● **Try it**
The answer must be only the lines below from the one holding "Leopard Floral Bomber" down to the one holding "Jewelco London Kids", ends included, printed exactly; please omit all pictures.

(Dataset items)
* * *
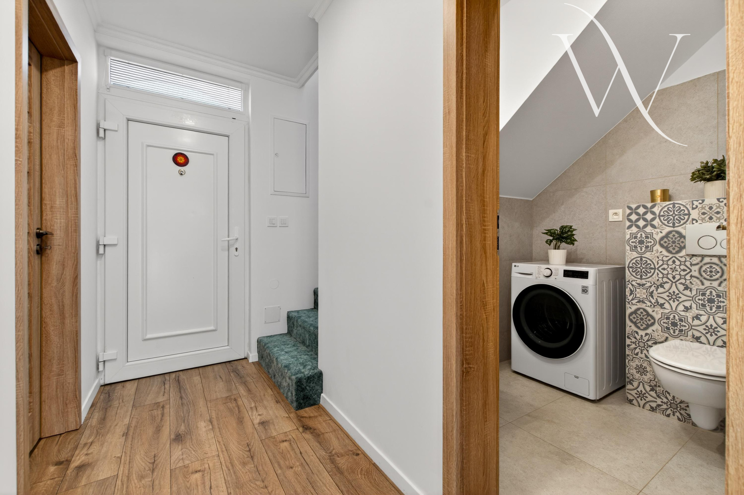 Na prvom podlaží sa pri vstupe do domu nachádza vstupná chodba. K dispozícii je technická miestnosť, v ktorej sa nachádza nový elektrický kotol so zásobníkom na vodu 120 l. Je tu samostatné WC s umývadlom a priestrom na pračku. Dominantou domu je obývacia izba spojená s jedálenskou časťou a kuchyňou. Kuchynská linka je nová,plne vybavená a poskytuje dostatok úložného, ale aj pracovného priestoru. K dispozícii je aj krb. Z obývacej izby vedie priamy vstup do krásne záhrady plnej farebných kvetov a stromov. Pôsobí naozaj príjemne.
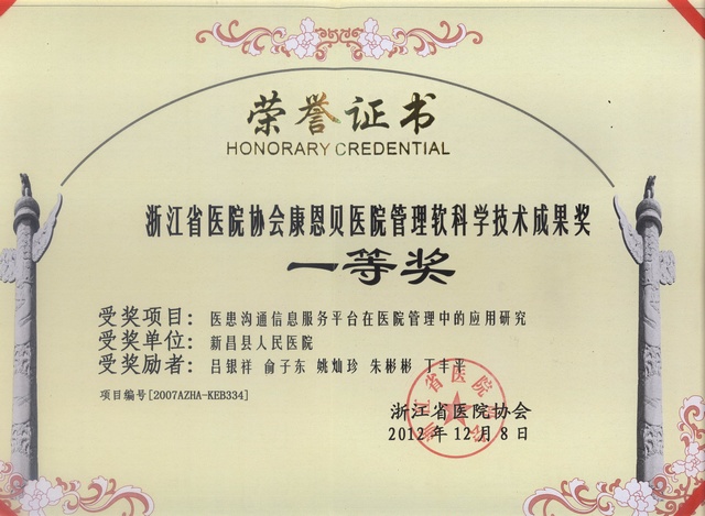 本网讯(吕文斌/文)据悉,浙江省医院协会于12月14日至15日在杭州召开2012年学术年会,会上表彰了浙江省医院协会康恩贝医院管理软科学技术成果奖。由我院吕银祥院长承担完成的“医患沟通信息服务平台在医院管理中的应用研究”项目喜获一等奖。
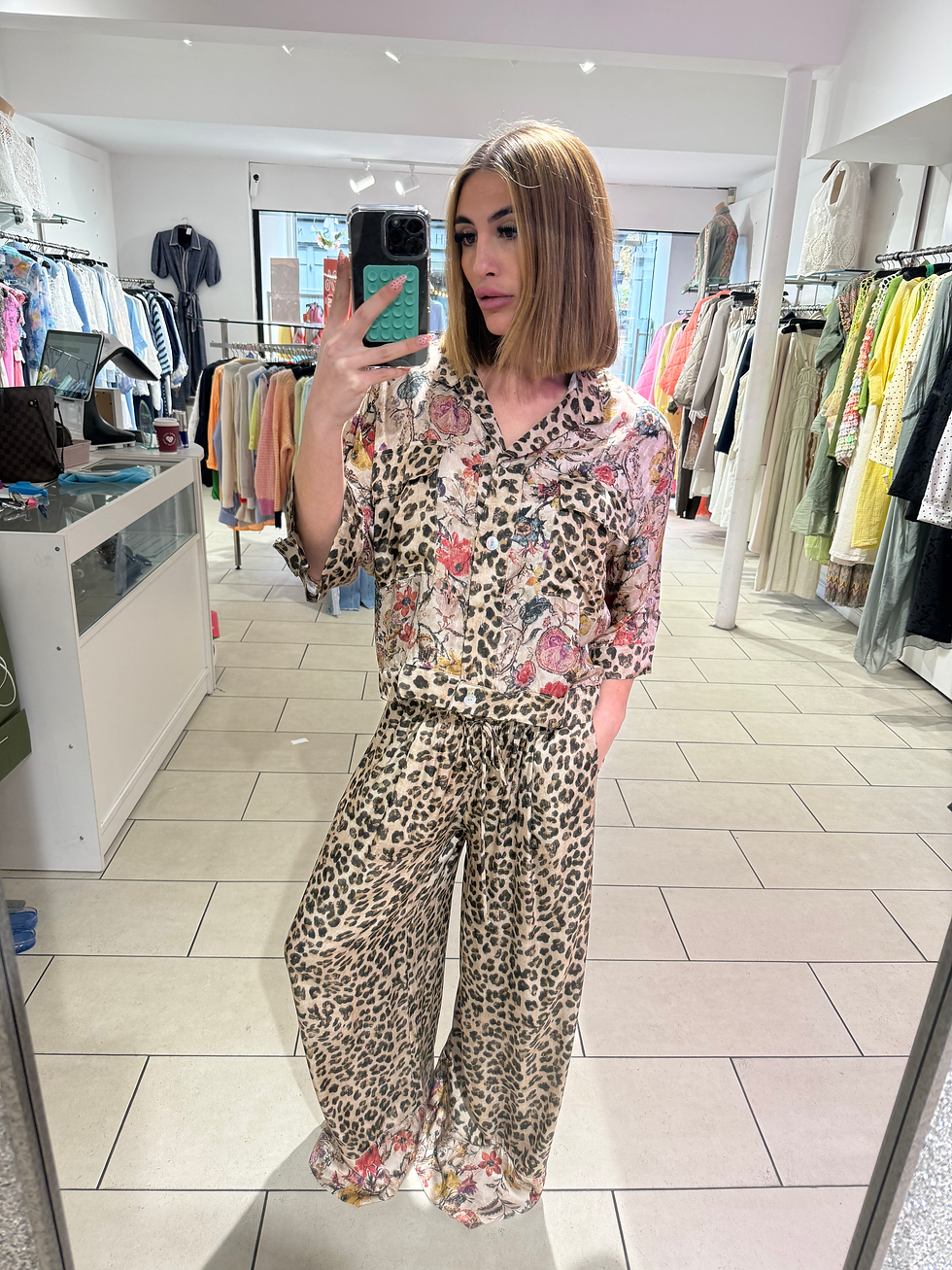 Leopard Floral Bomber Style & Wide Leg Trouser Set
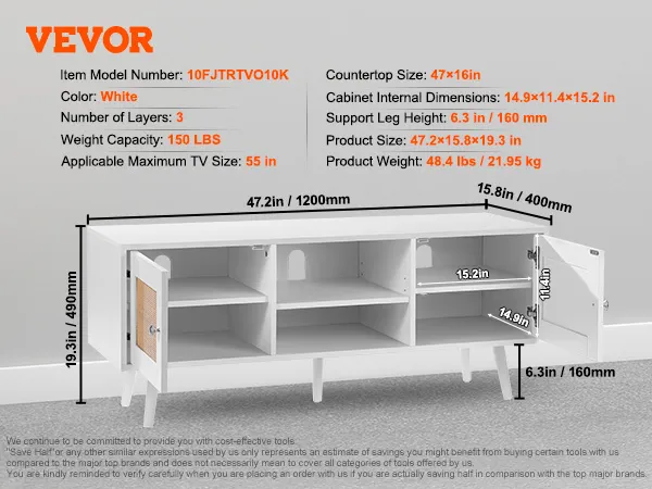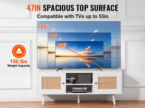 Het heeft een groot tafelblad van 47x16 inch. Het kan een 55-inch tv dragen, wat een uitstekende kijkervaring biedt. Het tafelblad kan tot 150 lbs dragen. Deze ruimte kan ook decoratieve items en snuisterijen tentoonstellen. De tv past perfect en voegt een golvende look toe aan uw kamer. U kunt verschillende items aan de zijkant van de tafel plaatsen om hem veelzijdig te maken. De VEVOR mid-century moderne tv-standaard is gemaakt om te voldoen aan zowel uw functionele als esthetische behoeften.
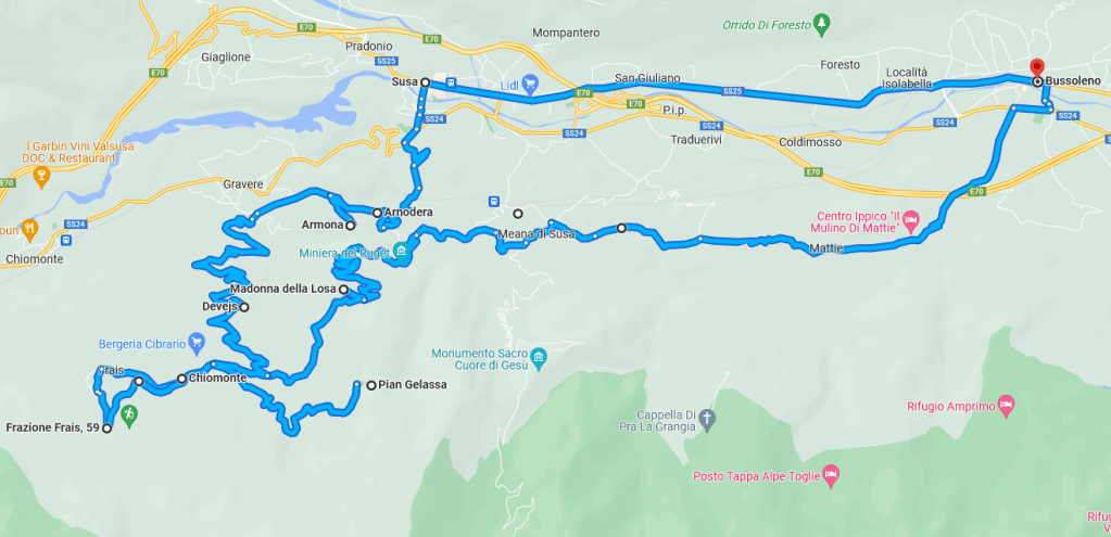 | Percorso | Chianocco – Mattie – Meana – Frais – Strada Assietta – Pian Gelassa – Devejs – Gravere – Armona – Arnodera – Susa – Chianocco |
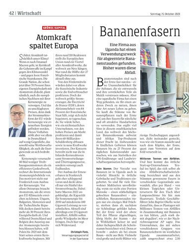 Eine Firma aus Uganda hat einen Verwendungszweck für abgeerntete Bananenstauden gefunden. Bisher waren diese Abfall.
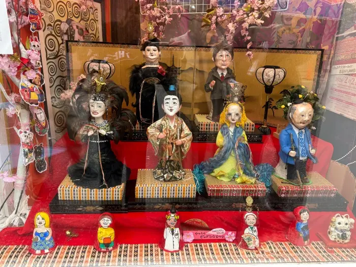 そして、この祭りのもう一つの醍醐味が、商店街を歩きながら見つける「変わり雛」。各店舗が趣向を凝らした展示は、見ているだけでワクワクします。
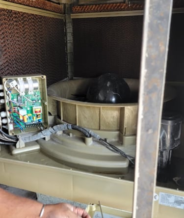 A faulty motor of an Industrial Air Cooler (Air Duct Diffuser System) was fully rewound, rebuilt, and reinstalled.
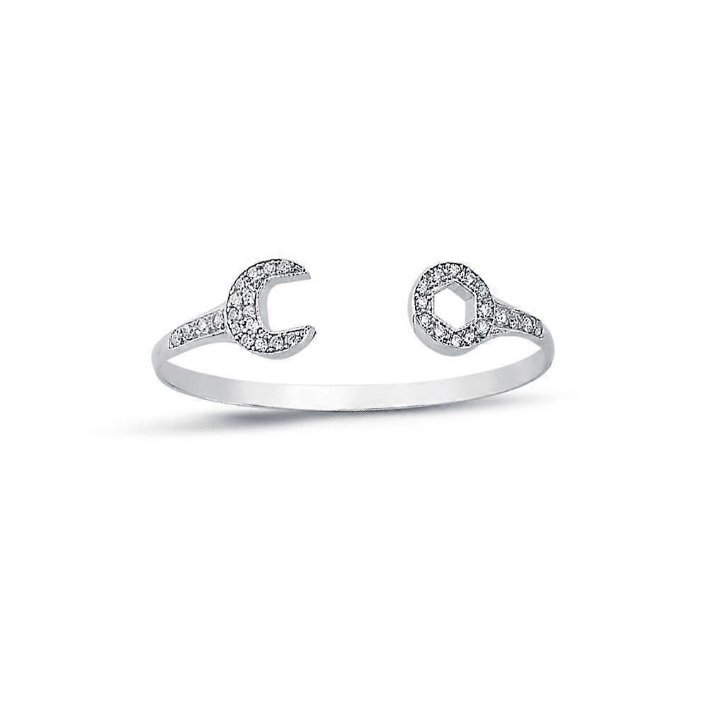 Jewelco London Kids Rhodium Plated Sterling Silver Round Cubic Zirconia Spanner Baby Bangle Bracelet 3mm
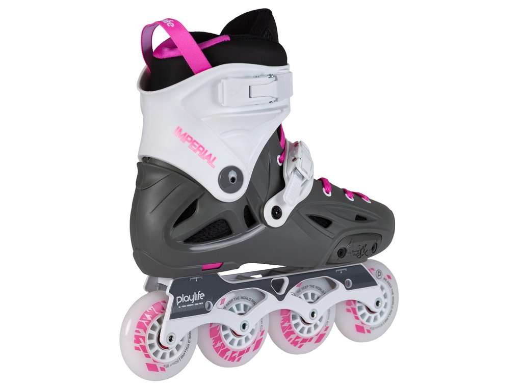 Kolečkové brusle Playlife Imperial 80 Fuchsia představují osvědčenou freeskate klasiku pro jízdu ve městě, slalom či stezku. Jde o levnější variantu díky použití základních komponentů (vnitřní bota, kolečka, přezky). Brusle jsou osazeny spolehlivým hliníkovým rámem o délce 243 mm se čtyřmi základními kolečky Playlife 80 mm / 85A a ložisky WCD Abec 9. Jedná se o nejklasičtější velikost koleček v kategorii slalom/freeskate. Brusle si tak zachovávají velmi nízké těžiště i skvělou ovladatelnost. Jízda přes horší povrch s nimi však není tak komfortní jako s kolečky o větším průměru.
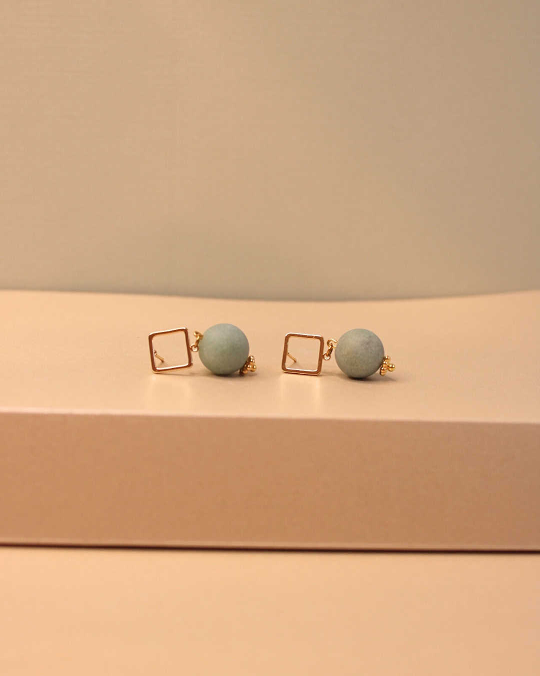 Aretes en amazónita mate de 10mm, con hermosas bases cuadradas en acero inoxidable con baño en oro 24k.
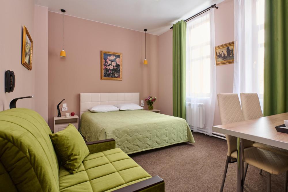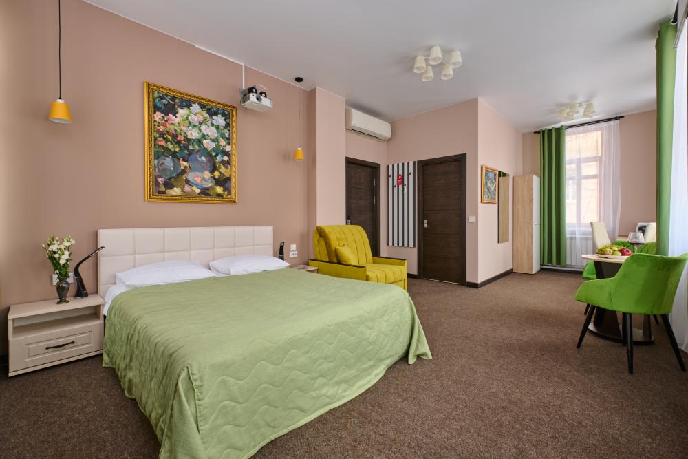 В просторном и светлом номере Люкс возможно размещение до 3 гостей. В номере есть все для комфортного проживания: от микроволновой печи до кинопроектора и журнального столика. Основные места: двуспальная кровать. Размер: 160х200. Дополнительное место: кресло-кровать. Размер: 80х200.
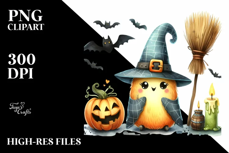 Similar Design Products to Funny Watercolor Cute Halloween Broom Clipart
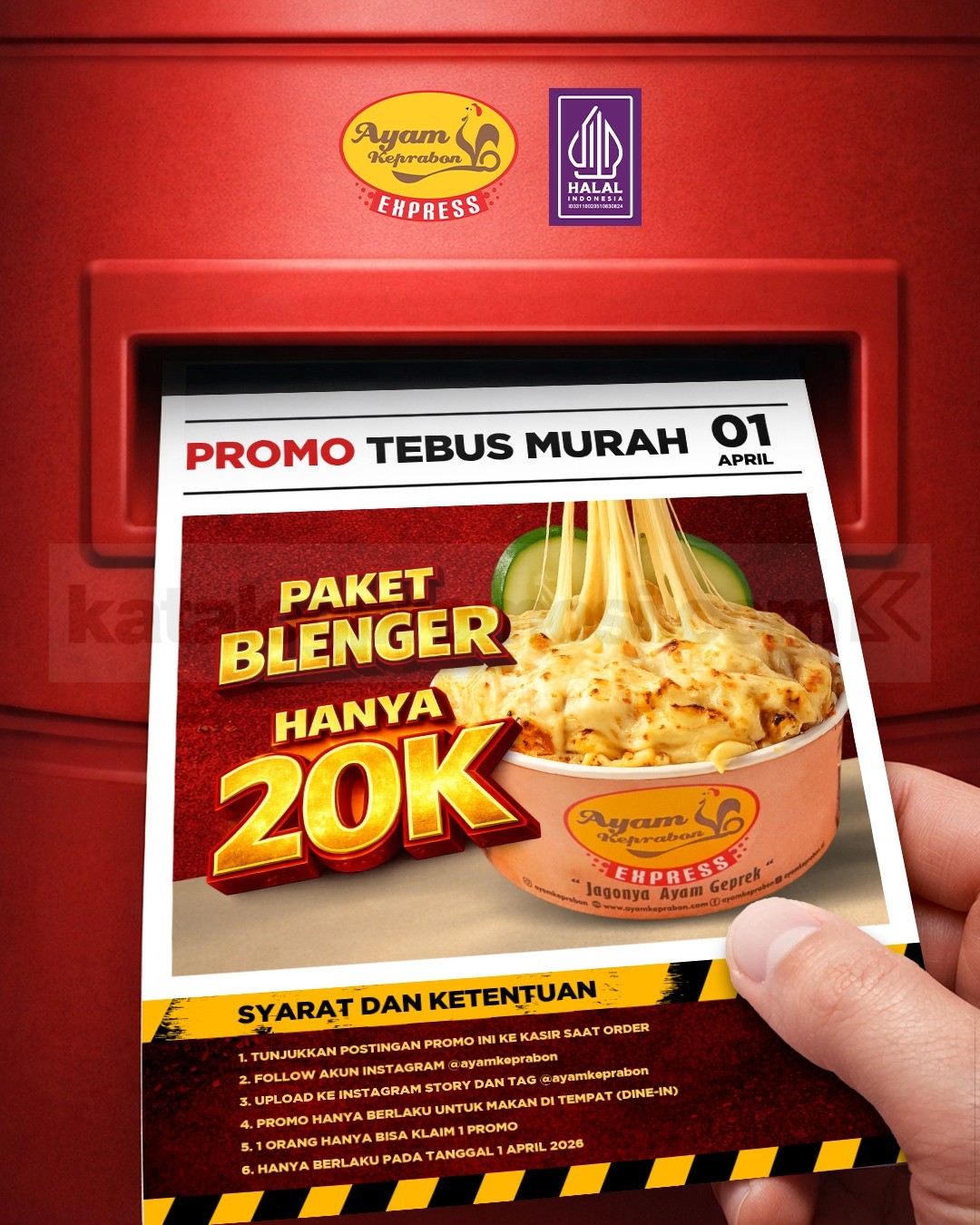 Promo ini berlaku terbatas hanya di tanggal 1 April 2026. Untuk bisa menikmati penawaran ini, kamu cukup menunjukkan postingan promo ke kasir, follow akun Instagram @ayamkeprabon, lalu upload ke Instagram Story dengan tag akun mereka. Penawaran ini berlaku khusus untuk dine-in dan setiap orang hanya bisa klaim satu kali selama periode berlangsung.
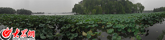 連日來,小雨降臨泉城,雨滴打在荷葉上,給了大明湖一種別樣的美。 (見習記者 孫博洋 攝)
* * *
● **Task answer**
 Leopard Floral Bomber Style & Wide Leg Trouser Set
 Het heeft een groot tafelblad van 47x16 inch. Het kan een 55-inch tv dragen, wat een uitstekende kijkervaring biedt. Het tafelblad kan tot 150 lbs dragen. Deze ruimte kan ook decoratieve items en snuisterijen tentoonstellen. De tv past perfect en voegt een golvende look toe aan uw kamer. U kunt verschillende items aan de zijkant van de tafel plaatsen om hem veelzijdig te maken. De VEVOR mid-century moderne tv-standaard is gemaakt om te voldoen aan zowel uw functionele als esthetische behoeften.
 | Percorso | Chianocco – Mattie – Meana – Frais – Strada Assietta – Pian Gelassa – Devejs – Gravere – Armona – Arnodera – Susa – Chianocco |
 Eine Firma aus Uganda hat einen Verwendungszweck für abgeerntete Bananenstauden gefunden. Bisher waren diese Abfall.
 そして、この祭りのもう一つの醍醐味が、商店街を歩きながら見つける「変わり雛」。各店舗が趣向を凝らした展示は、見ているだけでワクワクします。
 A faulty motor of an Industrial Air Cooler (Air Duct Diffuser System) was fully rewound, rebuilt, and reinstalled.
 Jewelco London Kids Rhodium Plated Sterling Silver Round Cubic Zirconia Spanner Baby Bangle Bracelet 3mm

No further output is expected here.